2014 Midterm Elections Require Reince Preibus to Start at Square One

Impact

Margaret Thatcher once proclaimed, “First you win the argument, then you win the vote.”  While the Republican Party scrambles to perfect its strategies, maybe all it needs is a more articulate philosophy. If the party of Lincoln wants to ever win elections again, it must begin at square one: the argument.

More specifically, moving forward, Chairman Reince Preibus needs to lead a conversation with Republicans at the national level asking three introspective queries. 1) Is the Republican Party conservative? 2) If yes, what does it mean to be conservative? And 3) What principles guide this conservatism? By identifying partisan principles, effective strategies could be developed to have avoided a shutdown that reaped zero benefit.

With furloughed employees finally returning to their desks last week, the government shutdown was finally over. Despite the laundry list of demands from Senate and House Republicans under the leadership of Speaker John Boehner and Sens. Mike Lee (R-Utah) and Ted Cruz (R-Texas), the GOP did not benefit from any concessions in the final shutdown offer, which ultimately opened the government and raised the debt ceiling. Slamming the Republicans, Obama complained, “The American people are completely fed up of Washington. Probably nothing has done more damage to American credibility in the world than the spectacle we have seen in the last couple of weeks.”

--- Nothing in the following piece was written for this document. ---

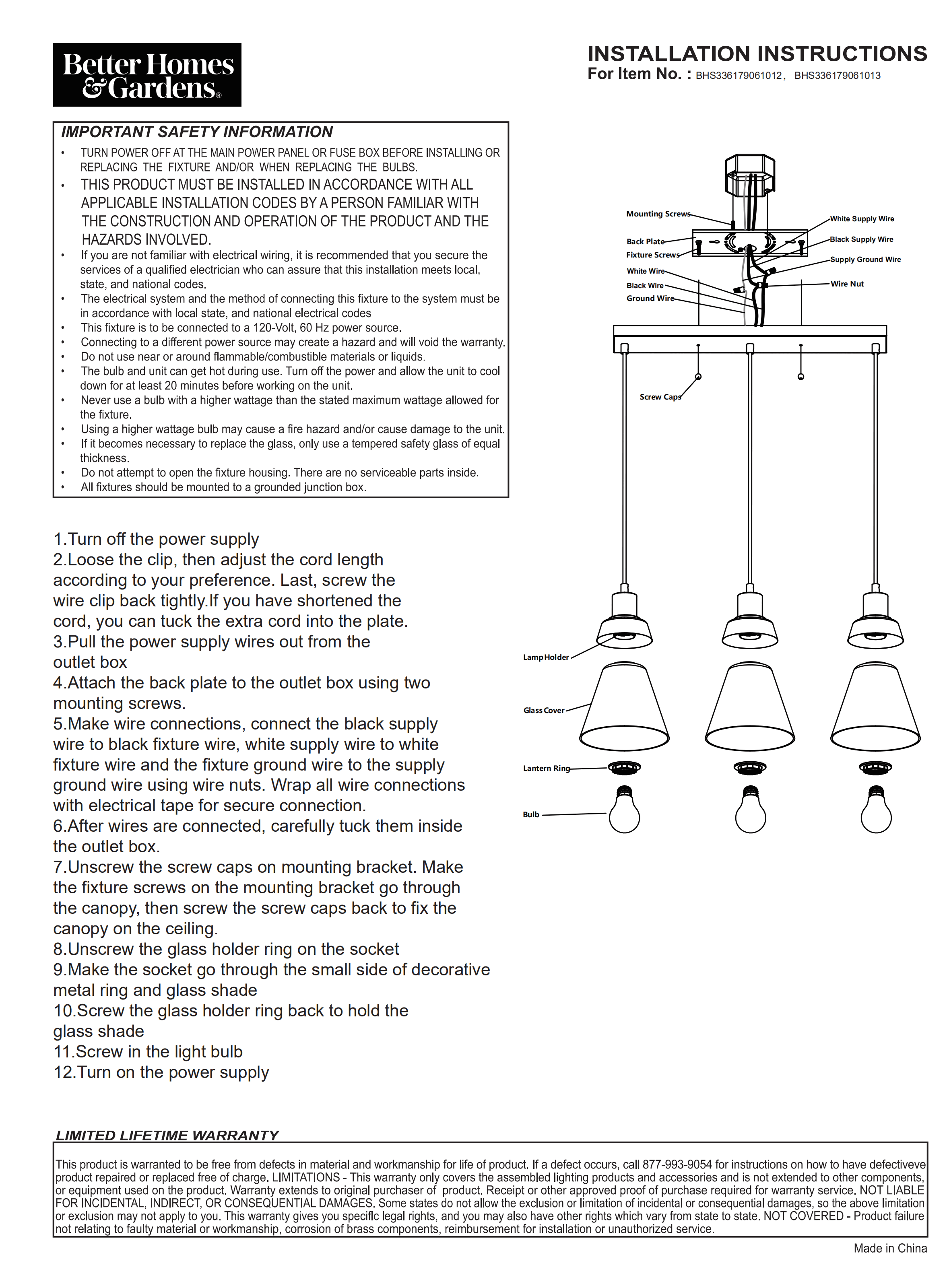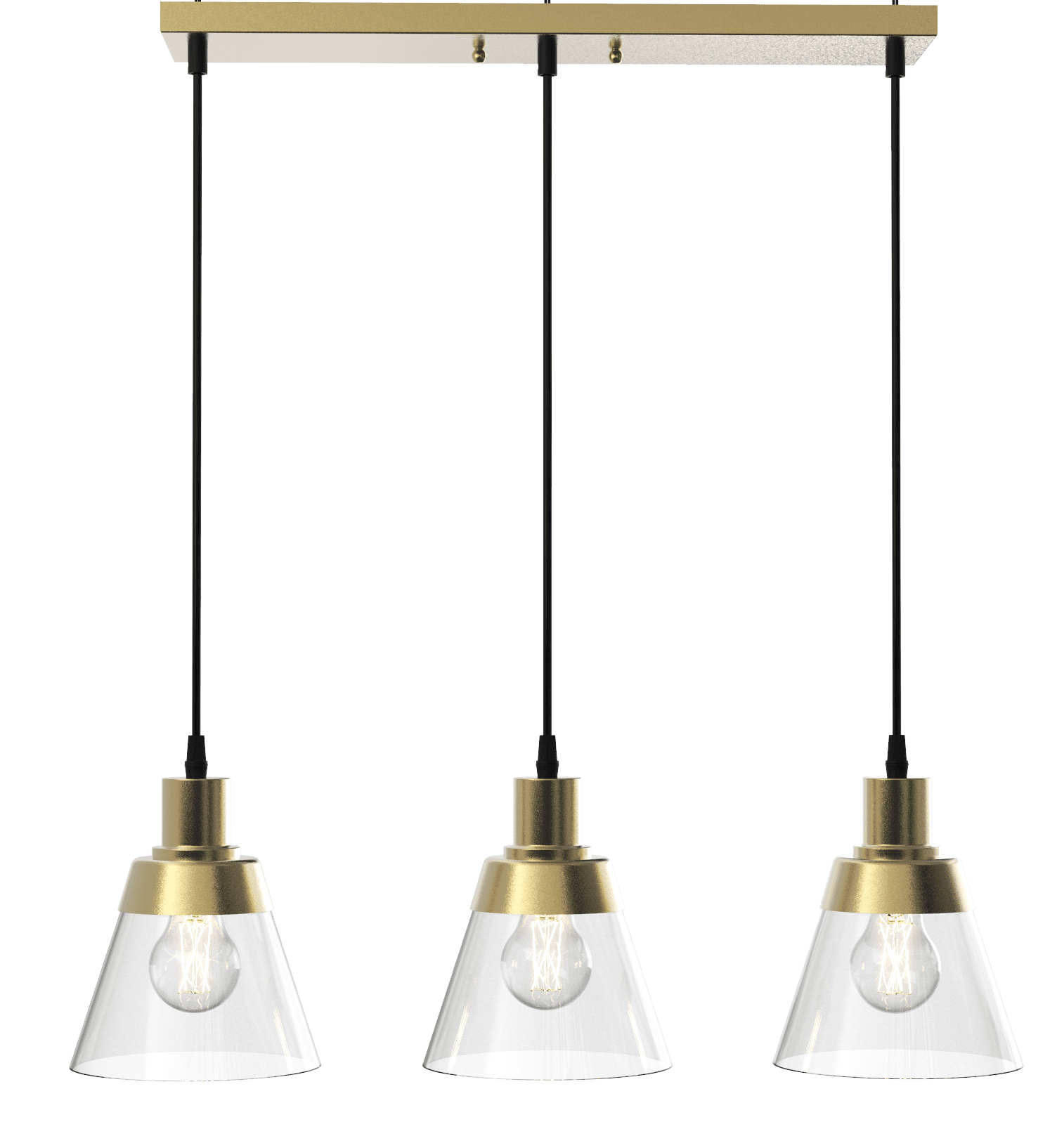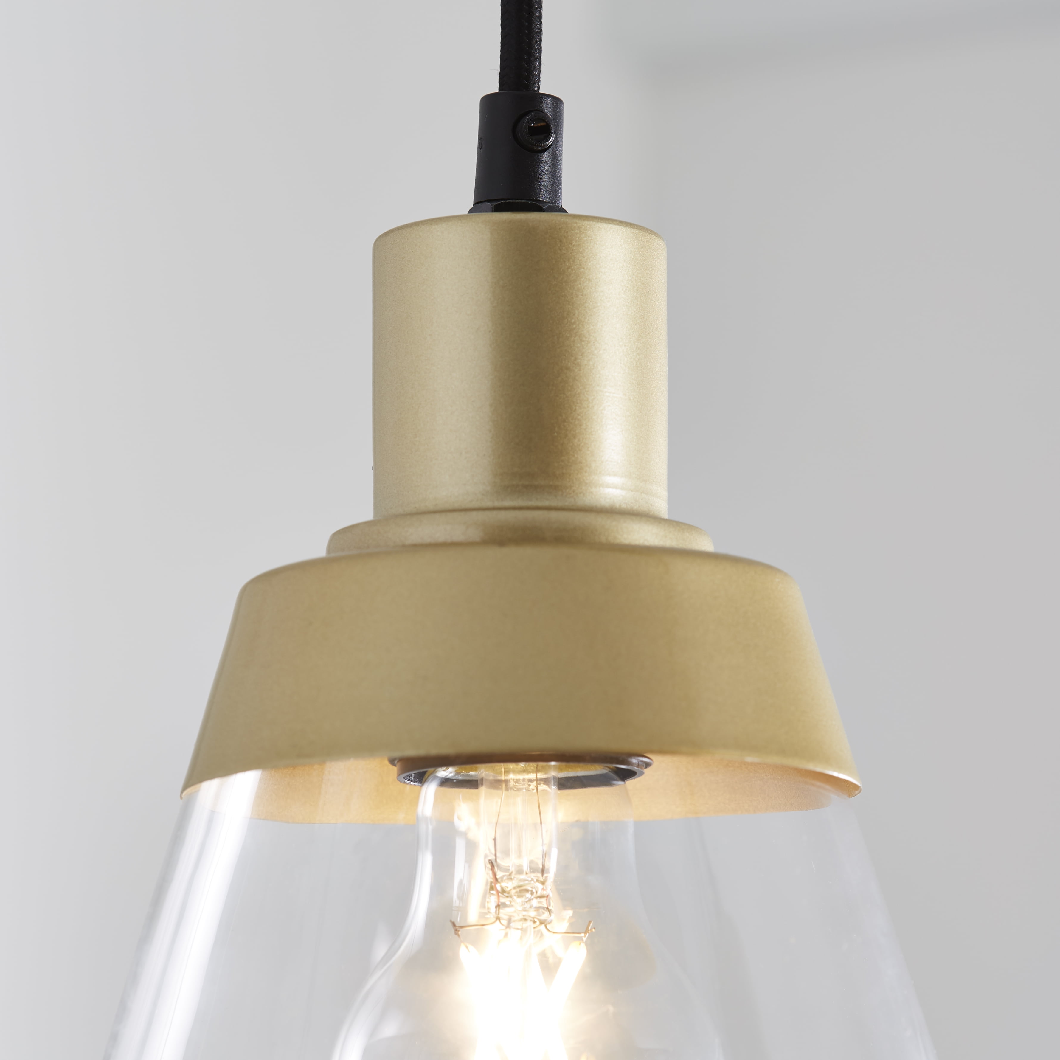 Better Homes & Gardens 3-Lights clear glass Pendent Light, 3 Bulbs Included Burnished Brass Finish Classic design with three clear glass shades and includes three 40W Equivalent A19 filament bulbs 5 years limited lifetime warranty for defects in material and workmanship Size: 24.61×6.46×55.12IN Hardwired and ceiling mount Includes 3 Dimmable A19 5W filament Light bulbs E26 base Light output: 450 Lumens x 3 Color temperature: Soft white 2700K

In the wake of the GOP’s “autopsy report” (the Growth and Opportunity Project) filed earlier this year, the shutdown narrative has certainly added obstacles to a Republican resurrection in the 2014 midterm elections. According to a recent NBC/Wall Street Journal poll, 53% of Americans blame the Republican Party for the recent shutdown (22 points higher than those who blame the president.) Although Republicans will likely retain the house until the end of the decade due to redistricting models, Senate, Gubernatorial, and national races will certainly be affected by the party’s recent behavior — races this November, like Virginia’s governor’s race, are already feeling the effects.

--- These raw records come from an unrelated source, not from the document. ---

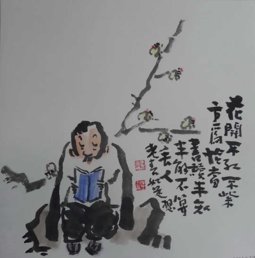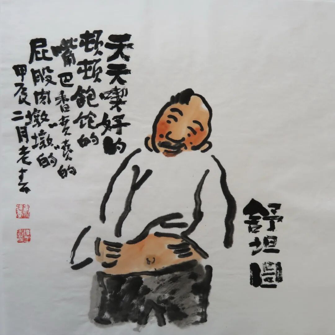 题跋在这些作品中扮演着画龙点睛的角色。王春江的题跋语言独具特色,既有“壮怀激烈去看海,了无挂碍来观鱼”的诗意,也有“薪水年年涨,咋就不敢花”的俚俗;既有“花开不红不紫方为恰当,书读半知半解不算丢人”的通达,也有“天天吃好的,顿顿饱饱的”的直白。这种文白夹杂、雅俗共融的语言风格,打破了传统题跋的雅正规范,创造出一种亲切、生动且富有生命力的文本空间。题跋与图像相互生发,共同构建作品的完整意蕴,延续并革新了中国画的“诗书画一体”传统。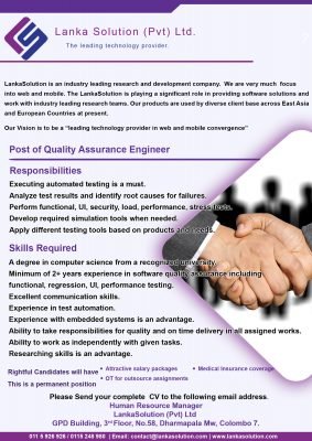 Application deadline date has been passed for this Job.Lanka SolutionsPost Date: November 17, 2021Applications 0Views 297ShareJob Overview Quality Assurance Job Detail Offered SalaryNot Specified Career LevelNot Specified Experience2 Years GenderBoth INDUSTRYIT-Software QualificationBachelor's Degree Shortlist Apply Now Apply with Linkedin Apply with Facebook Never pay anyone for job application test or interview.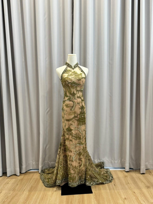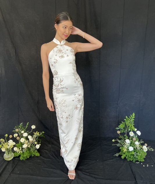 Cheongsam | Stella Lunardy - Beige Cheongsam with Halter Neck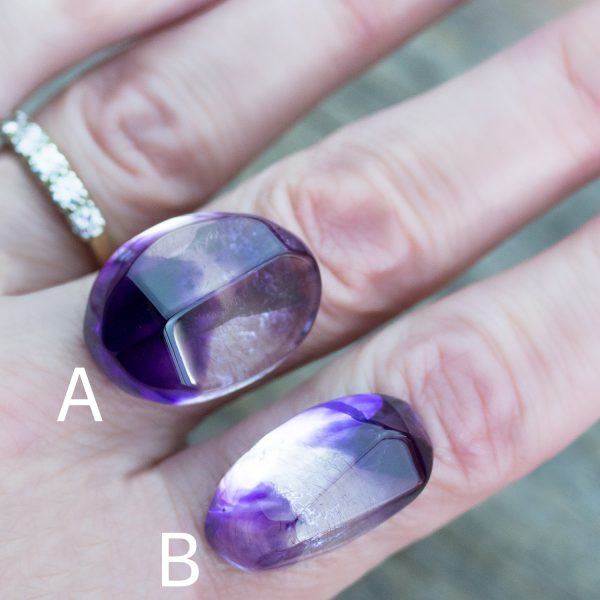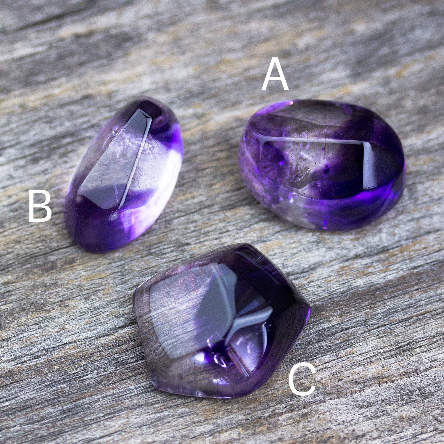 The stone in the ring pictured has been sold, but all available stones will have the same aesthetic and feel. Stone A will look almost identical in size and shape to the ring shown. Stone B is more narrow, but with a really beautiful cut. Stone C will be slightly different due to the coloring.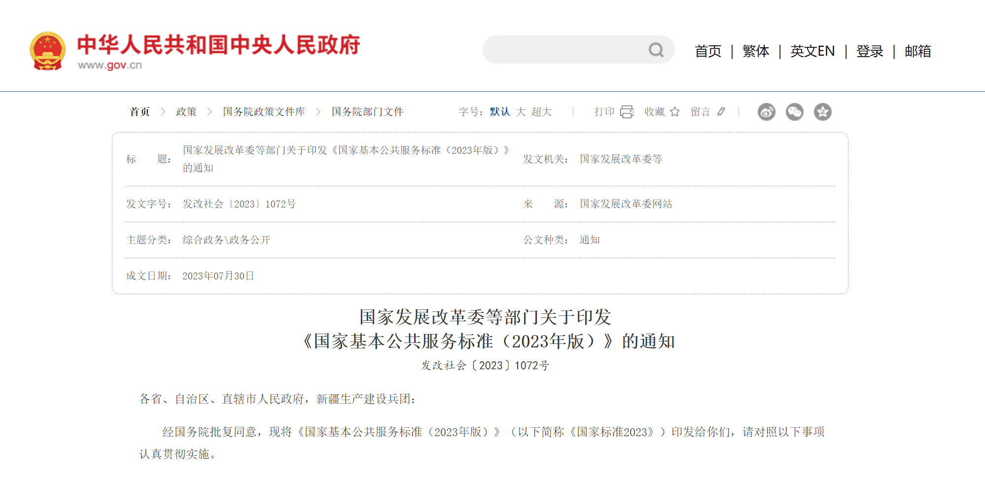 前不久,经国务院批复同意,国家发展改革委、教育部、民政部、财政部、人力资源社会保障部、住房城乡建设部、文化和旅游部、国家卫生健康委、退役军人事务部、体育总局,联合印发了《国家基本公共服务标准(2023年版)》的通知 ,要求各地认真贯彻实施。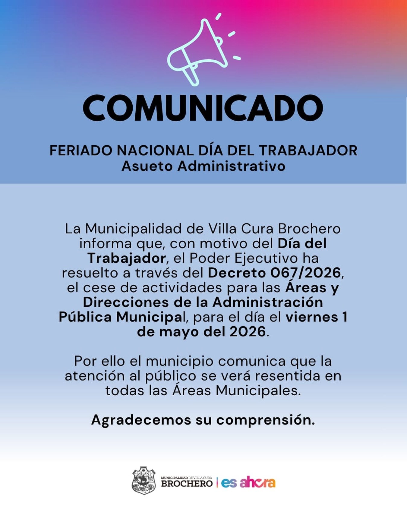 La Municipalidad de Villa Cura Brochero informa que, con motivo del Día del Trabajador, el Poder Ejecutivo ha resuelto a través del Decreto 067/2026, el cese de actividades para las Áreas y Direcciones de la Administración Pública Municipal, para el día el viernes 1 de mayo del 2026.

National Review founder William Buckley, Jr. once expressed, “We should support the most conservative candidate who is electable” (often labeled “the Buckley Rule”). This rule necessarily implies that there is an understanding as to what conservatism is. Recent GOP infighting has once again made this challenge sentient. Whether it is Senator Thad Cochran’s primary battle against Tea Party candidate Chris McDaniel or Sen. Mitch McConnell’s nomination against Matt Bevin, those in the GOP are trying to determine the party’s conservatism at the ballot box. 

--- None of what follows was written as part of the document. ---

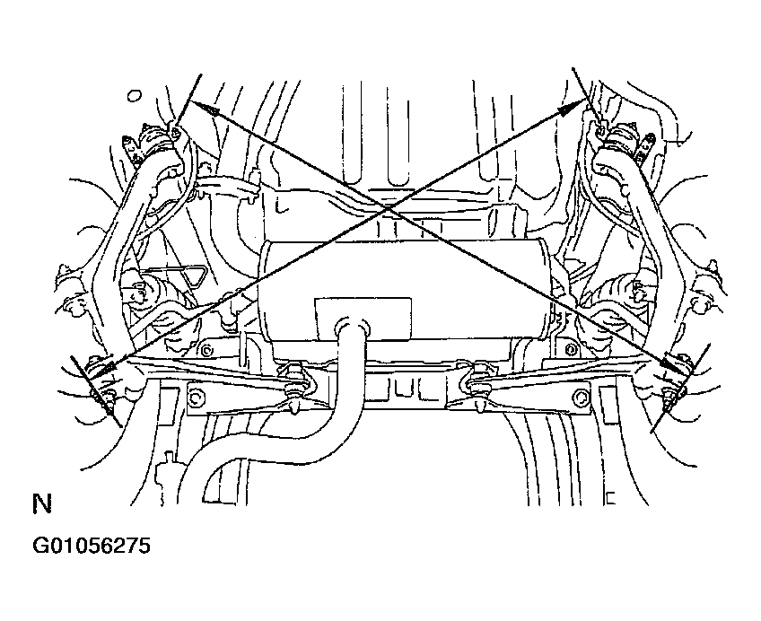 - Measure the distance from the LH lower suspension arm bracket set bolt to the RH axle carrier rear side set bolt as shown in Fig 4.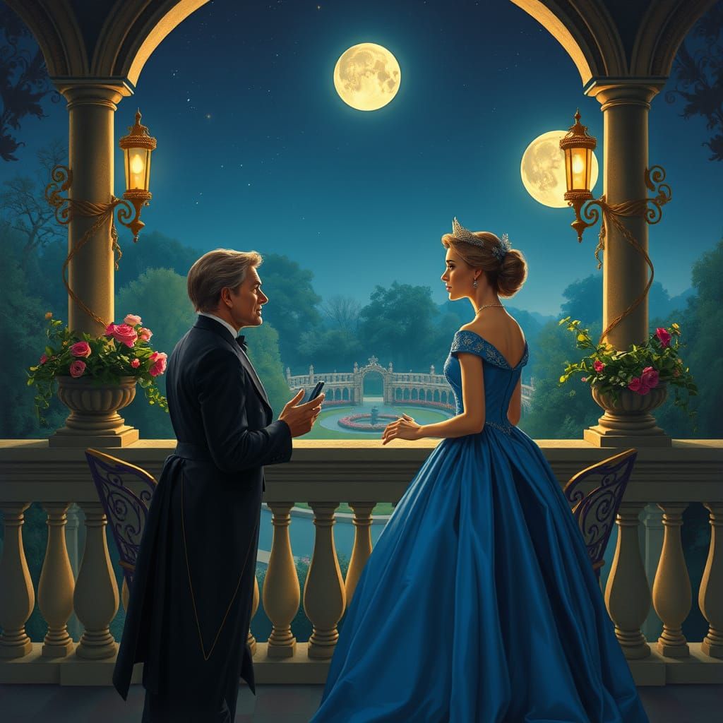 This image shows a romantic scene of Cinderella and her prince in formal attire, standing on a balcony with a garden view under a moonlit night, both holding their phones with bright screens, in a realistic style inspired by the precision of Richard Estes and the soft lighting of Vermeer.

However, this will only continue to fracture an already factionalized national party. Instead, the national party must determine its principles and its philosophical frameworks more articulately, because when they do, the party’s strategies (whether electoral, parliamentary, or other) will have criteria from which to compare and challenge specific issues. Without providing a framework, the GOP will continue to be divided. 

Following John McCain’s inevitable electoral collapse against then-Senator Barack Obama, the GOP recognized its defeat at the national level. Four years later, President Obama once again took a landslide victory from the Republicans against an imprecise, mediocre Mitt Romney. Unfortunately for the party, gone are the days of Barry Goldwater’s “extremism in the defense of liberty” and George W. Bush’s “compassionate conservatism.” If the party ever wants to win again, it needs to trade in its pale pastels and identify itself with what Reagan labeled a banner of “bold colors.”

With a nation of 41% self-identified conservatives (contra, 19% self-identified liberals), it seems logical that a conservative argument would do well at the polls.